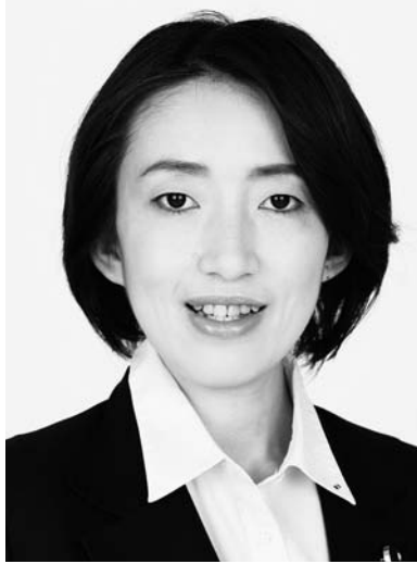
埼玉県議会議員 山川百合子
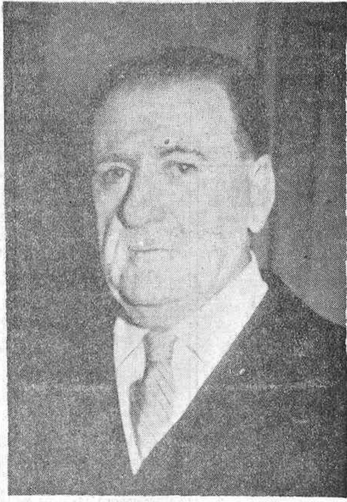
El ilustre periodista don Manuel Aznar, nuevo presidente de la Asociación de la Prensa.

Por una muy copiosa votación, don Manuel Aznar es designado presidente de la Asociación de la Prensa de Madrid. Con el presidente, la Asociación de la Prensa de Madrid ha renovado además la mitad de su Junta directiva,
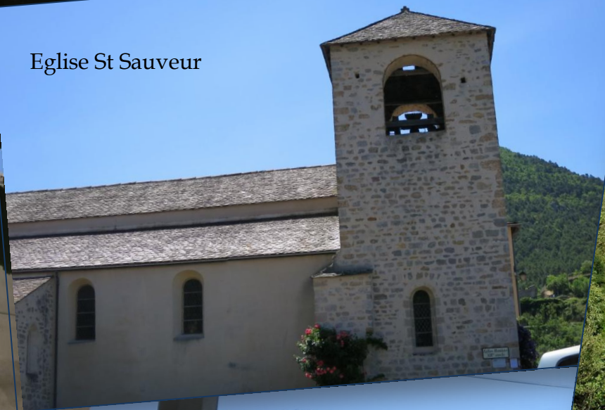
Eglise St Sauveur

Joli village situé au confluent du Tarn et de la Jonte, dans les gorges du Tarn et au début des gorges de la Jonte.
■ ■ ■ ■
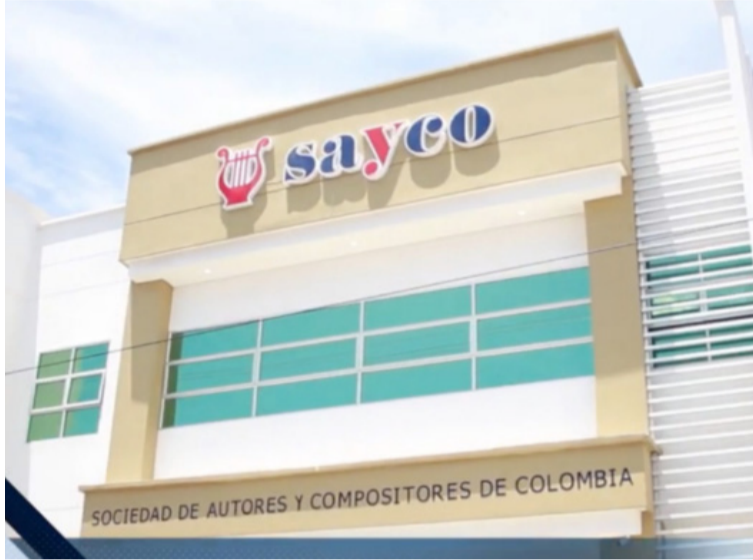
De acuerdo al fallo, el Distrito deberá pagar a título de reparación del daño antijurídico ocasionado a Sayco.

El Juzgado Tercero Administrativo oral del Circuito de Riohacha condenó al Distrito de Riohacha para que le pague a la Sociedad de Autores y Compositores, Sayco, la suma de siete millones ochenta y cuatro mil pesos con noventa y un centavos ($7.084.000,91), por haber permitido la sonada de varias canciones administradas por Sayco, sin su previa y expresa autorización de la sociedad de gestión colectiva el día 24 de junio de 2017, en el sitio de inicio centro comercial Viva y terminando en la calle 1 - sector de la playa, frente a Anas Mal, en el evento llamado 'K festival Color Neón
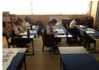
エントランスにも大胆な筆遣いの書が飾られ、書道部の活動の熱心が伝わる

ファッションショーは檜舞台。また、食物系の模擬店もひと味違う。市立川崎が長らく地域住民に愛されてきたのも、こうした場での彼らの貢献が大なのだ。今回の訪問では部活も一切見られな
■ ■ ■ ■
## What you will do:
Go through the entries above and copy each line holding the string "Prensa".

## Response area:
El ilustre periodista don Manuel Aznar, nuevo presidente de la Asociación de la Prensa.
Por una muy copiosa votación, don Manuel Aznar es designado presidente de la Asociación de la Prensa de Madrid. Con el presidente, la Asociación de la Prensa de Madrid ha renovado además la mitad de su Junta directiva,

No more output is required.